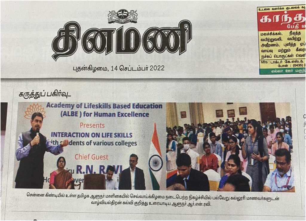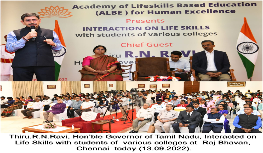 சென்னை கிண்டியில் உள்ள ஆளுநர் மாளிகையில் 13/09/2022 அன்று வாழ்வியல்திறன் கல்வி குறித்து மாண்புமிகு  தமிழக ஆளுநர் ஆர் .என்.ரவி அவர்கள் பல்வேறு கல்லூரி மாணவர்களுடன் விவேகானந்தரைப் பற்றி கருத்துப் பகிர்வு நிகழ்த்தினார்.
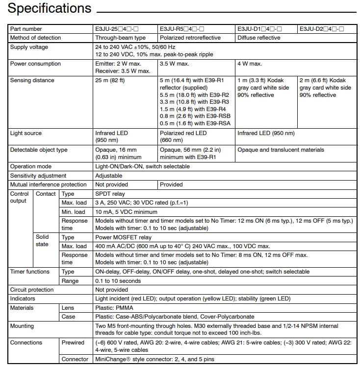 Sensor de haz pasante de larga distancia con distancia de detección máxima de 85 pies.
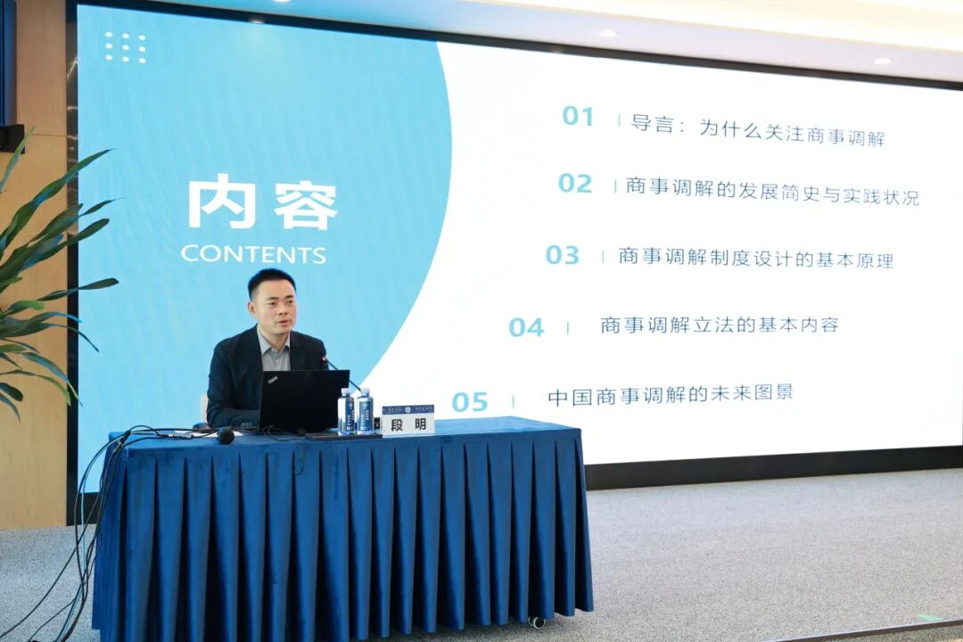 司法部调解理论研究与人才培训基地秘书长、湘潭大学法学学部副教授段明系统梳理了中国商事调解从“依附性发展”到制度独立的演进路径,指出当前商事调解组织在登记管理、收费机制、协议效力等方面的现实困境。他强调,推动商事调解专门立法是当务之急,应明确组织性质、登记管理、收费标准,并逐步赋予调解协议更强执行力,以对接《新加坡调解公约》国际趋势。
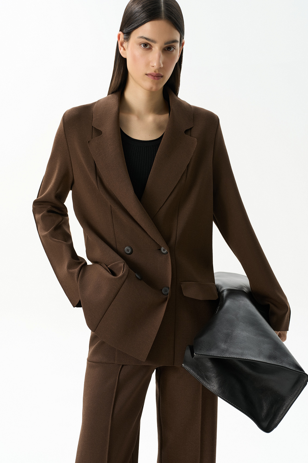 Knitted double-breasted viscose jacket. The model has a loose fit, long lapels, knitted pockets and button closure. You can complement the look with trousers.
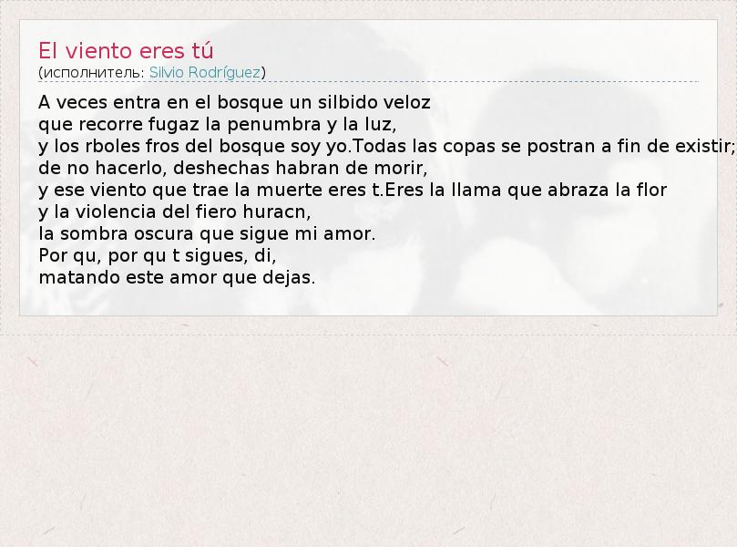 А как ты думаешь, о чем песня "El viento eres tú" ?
-.-.-
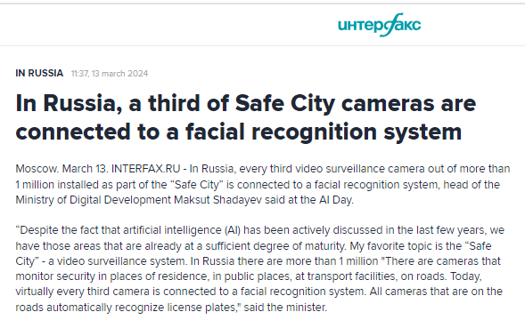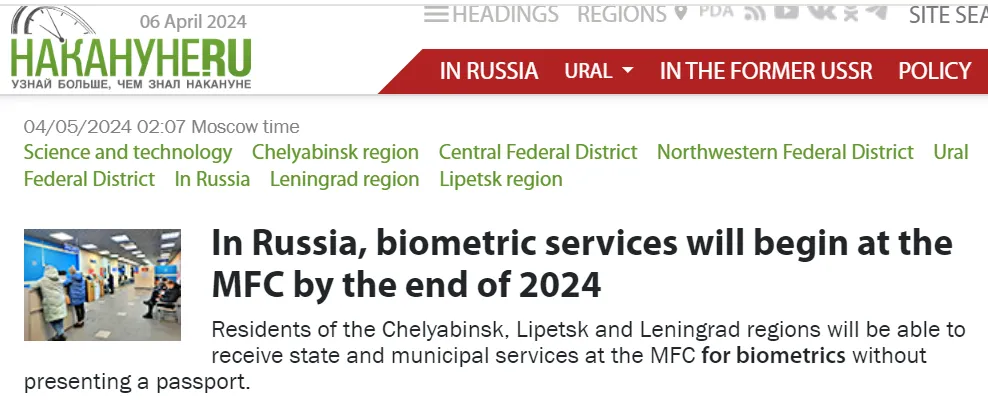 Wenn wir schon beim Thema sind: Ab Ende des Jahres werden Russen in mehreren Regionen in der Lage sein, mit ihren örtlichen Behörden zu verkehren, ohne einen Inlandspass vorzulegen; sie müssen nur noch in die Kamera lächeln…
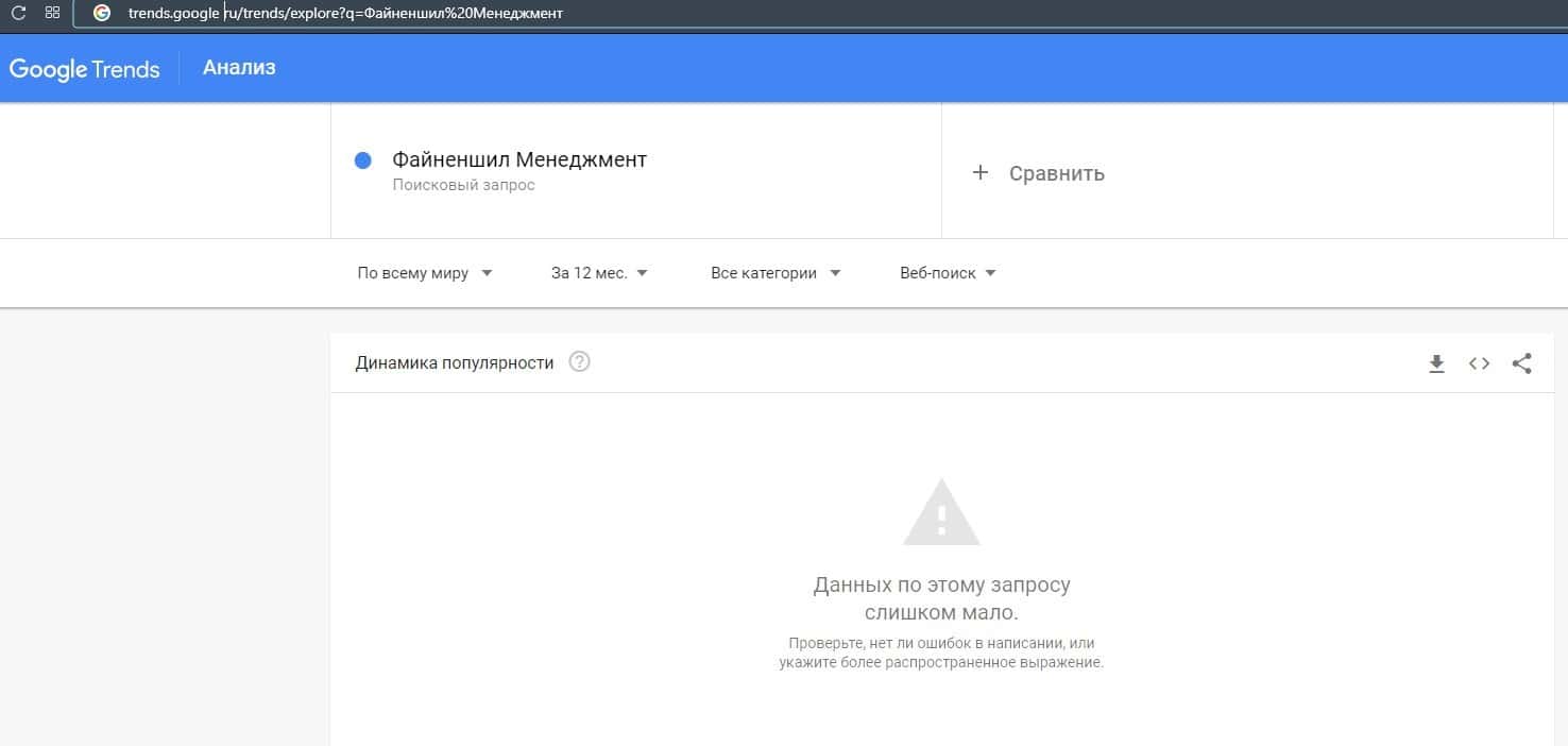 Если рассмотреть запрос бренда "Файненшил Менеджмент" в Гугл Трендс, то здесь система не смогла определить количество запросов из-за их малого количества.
-.-.-
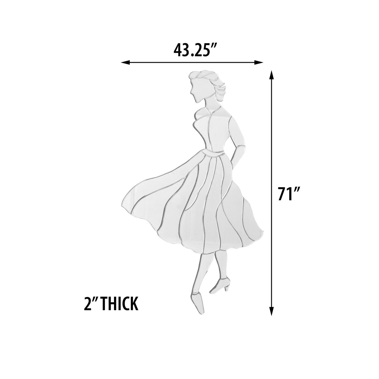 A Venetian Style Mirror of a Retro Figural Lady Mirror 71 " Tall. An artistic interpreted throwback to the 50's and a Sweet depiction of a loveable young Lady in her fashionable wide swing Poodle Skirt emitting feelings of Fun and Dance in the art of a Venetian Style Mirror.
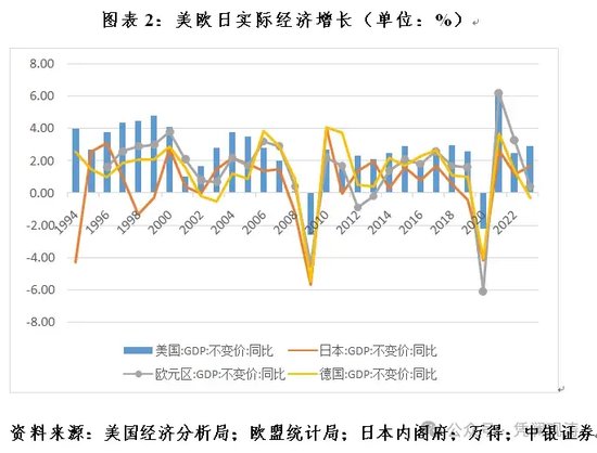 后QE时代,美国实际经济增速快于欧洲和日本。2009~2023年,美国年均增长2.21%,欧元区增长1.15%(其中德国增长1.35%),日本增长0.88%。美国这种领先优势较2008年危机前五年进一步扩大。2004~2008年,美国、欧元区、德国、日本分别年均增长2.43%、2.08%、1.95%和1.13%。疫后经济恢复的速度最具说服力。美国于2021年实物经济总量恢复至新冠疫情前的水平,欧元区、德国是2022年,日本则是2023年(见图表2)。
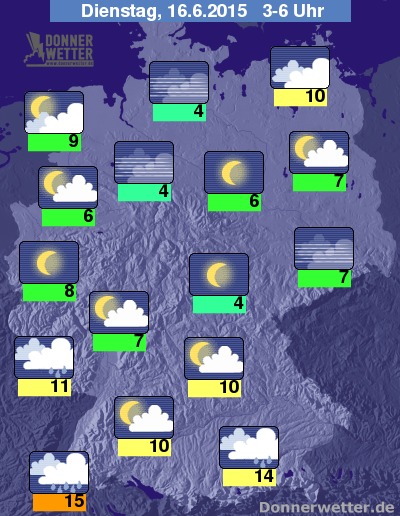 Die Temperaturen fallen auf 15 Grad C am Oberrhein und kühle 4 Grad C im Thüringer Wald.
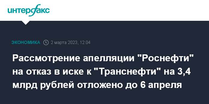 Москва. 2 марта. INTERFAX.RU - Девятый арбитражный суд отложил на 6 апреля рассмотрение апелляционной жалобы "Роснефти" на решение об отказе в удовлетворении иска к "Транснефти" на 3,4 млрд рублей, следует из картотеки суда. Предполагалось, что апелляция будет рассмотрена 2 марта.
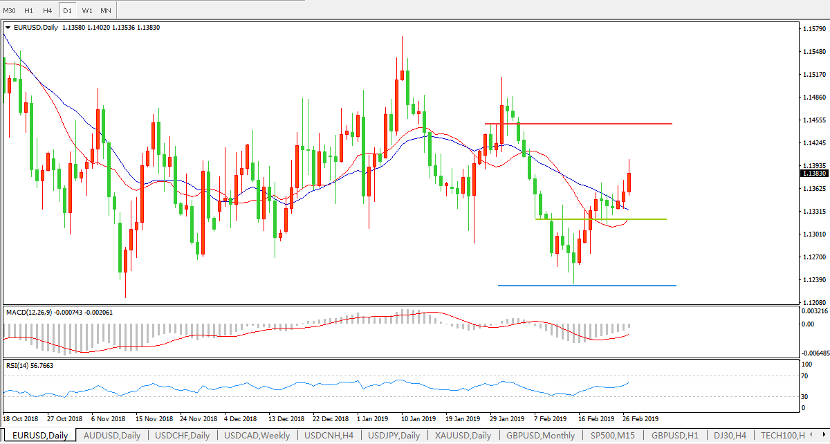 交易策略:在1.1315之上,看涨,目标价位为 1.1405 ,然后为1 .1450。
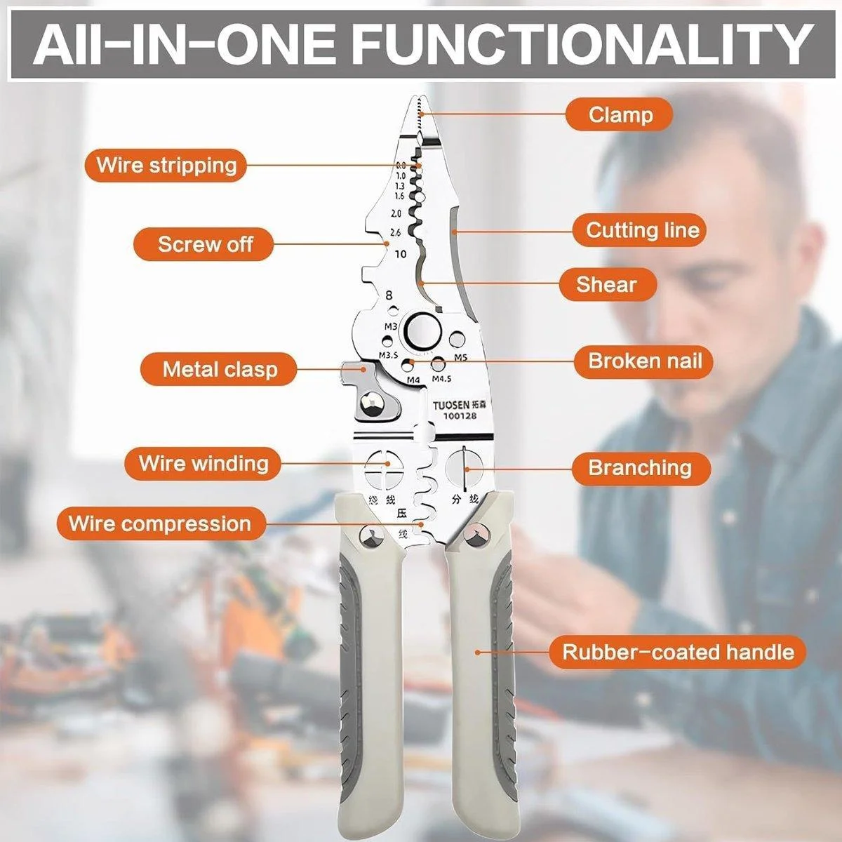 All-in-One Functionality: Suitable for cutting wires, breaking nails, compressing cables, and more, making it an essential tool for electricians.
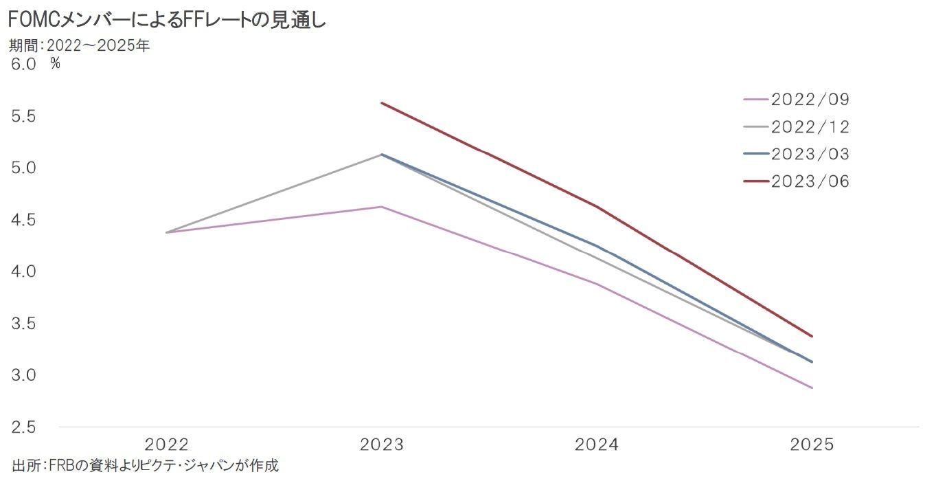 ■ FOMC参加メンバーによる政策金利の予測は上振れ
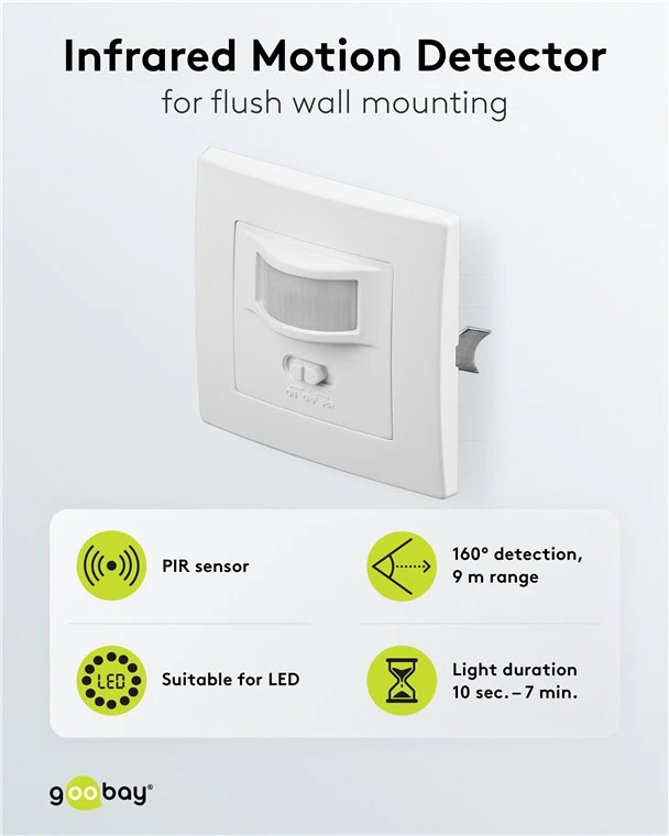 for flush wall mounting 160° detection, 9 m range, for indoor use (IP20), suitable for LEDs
-.-.-
* [Exercise description] How would the lines above read from the one with "Die Temperaturen fallen" to the one with "for flush wall", inclusive, with no pictures? Write them out exactly.

* [Response to this exercise]
 Die Temperaturen fallen auf 15 Grad C am Oberrhein und kühle 4 Grad C im Thüringer Wald.
 Москва. 2 марта. INTERFAX.RU - Девятый арбитражный суд отложил на 6 апреля рассмотрение апелляционной жалобы "Роснефти" на решение об отказе в удовлетворении иска к "Транснефти" на 3,4 млрд рублей, следует из картотеки суда. Предполагалось, что апелляция будет рассмотрена 2 марта.
 交易策略:在1.1315之上,看涨,目标价位为 1.1405 ,然后为1 .1450。
 All-in-One Functionality: Suitable for cutting wires, breaking nails, compressing cables, and more, making it an essential tool for electricians.
 ■ FOMC参加メンバーによる政策金利の予測は上振れ
 for flush wall mounting 160° detection, 9 m range, for indoor use (IP20), suitable for LEDs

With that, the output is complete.